Alterations in the bacterial gut microbiota not only occur in advanced CLD but also are characteristic in several types of early CLD. Hence, gut microbiota might contribute to disease progression at various stages and promote HCC in all processes. High LPS levels in rodents and patients with HCC demonstrate the presence of leaky gut. Studies in animal model have provided evidence that the intestinal permeability contributes to HCC progression. TLR4 is present in multiple hepatic cell types, including Kupffer cells, HSCs, endothelial cells, and hepatocytes. TLR4 activation enhances invasive ability of HCC cells and induces the epithelial-mesenchymal transition. Some experiments have provided evidence that the leaky gut, via LPS and its receptor TLR4, makes essential contributions to HCC. Disruption of the gut barrier not only results in increased systemic LPS levels and increased liver fibrosis but also promotes HCC formation., Conversely, the inhibition of TLR4 suppresses liver inflammation, fibrosis, and HCC formation.,
Increasing evidence supports a key role of dysbiosis in the development of CLD and HCC. Evidence suggests that such effect is mediated by bacterial metabolites, possibly in a disease-specific manner. The finding that the bacterial gut microbiota of patients with compensated cirrhosis differs from that of patients with decompensated cirrhosis suggests that cirrhosis stage drives gut microbiota changes. In addition to alterations in bacterial composition, evidence demonstrates bacterial overgrowth, which in turn is associated with increased circulating LPS levels. In the past few years, studies have demonstrated differences in the duodenal and salivary microbiota between healthy individuals and patients with cirrhosis., This suggests that there are also qualitative and quantitative changes that might be linked to changes in the more distal microbiota, which might contribute to the pathophysiology of CLD as well as the development of HCC.

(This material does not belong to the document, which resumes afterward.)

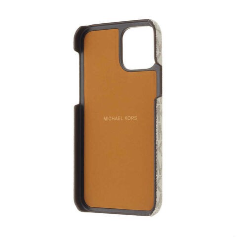 MKシグネチャーのロゴプリントキャンバスに、コントラストを効かせたストライプをあしらったデザインが特徴の背面タイプのスマホケースです。MagSafe対応。
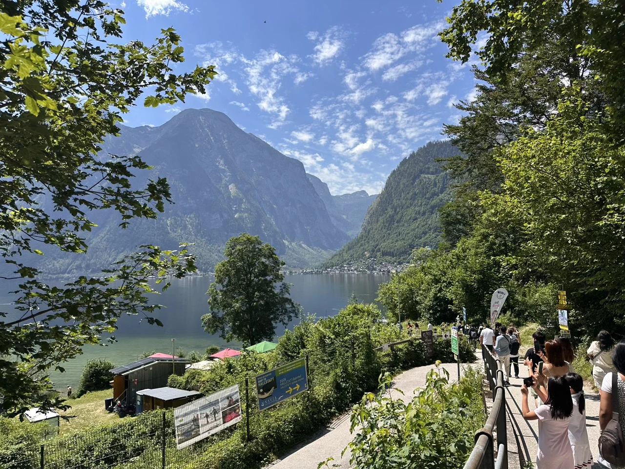 J는 어찌 운 좋게 앞부분 창을 통해 할슈타트 풍광을 볼 수 있는 위치에 서게 되었다. J는 할슈타트 풍경을 보며 계속 '우와, 우와'하며 감탄을 금치 못했다. 호숫가에 가니 호수는 무척이나 투명하고 맑아 얕은 곳은 바닥까지 훤히 보였다. 호수 자체도 규모가 컸지만 거대하고 급격한 경사를 가진 산이 여럿 둘러싸고 있는 상황도 꽤 비현실적인 느낌이었다.

| Targeting Microbiota to Prevent Liver Diseases|| |
On the basis of its contribution to liver diseases, the gut-microbiota-liver pathway is a promising target for prevention. With increased understanding of its underlying mechanisms, approaches to target the axis are increasing.
Probiotics and prokinetics
Probiotics have been used as a way of providing health benefits by restoring beneficial bacteria., Although studies have shown its effectiveness, controversy remains debating on the inability to permanently colonize the intestinal tract, unknown mechanisms, and lack of large-scale studies. To date, probiotics have only been investigated in animal models. Further studies are required in human.
Gut dysmotility is another factor that contributes to bacterial overgrowth in liver cirrhosis. The prokinetic drug cisapride not only decreases intestinal transit time but also inhibits intestinal bacterial overgrowth and bacterial translocation. One of the purported mechanisms is increased adrenergic activity. Nonselective β-adrenergic blockers decrease intestinal transit time and reduce intestinal bacterial overgrowth, intestinal permeability, and bacterial translocation.,,
The composition of the intestinal microbiota can be altered with diet and probiotics, which produce mild temporary changes, or with antibiotics, which produce large changes in the bacterial composition of the intestines. Antibiotics are one of the most efficient approaches to interrupt bacterial gut microbiota. Decreasing the number of bacterial gut microbiota will reduce translocation and inhibit inflammation. Administration of antibiotics at late stage was proven to be more efficient than administering at earlier stage of liver diseases, which supports that the prevention of liver diseases by antibiotics could be applied in advanced patients. However, results from animal model cannot be converted to patients directly, as long-term treatment with antibiotics would be harmful, due to dysbacteriosis. Thus, the use of single antibiotics with high safety might be the only feasible approach.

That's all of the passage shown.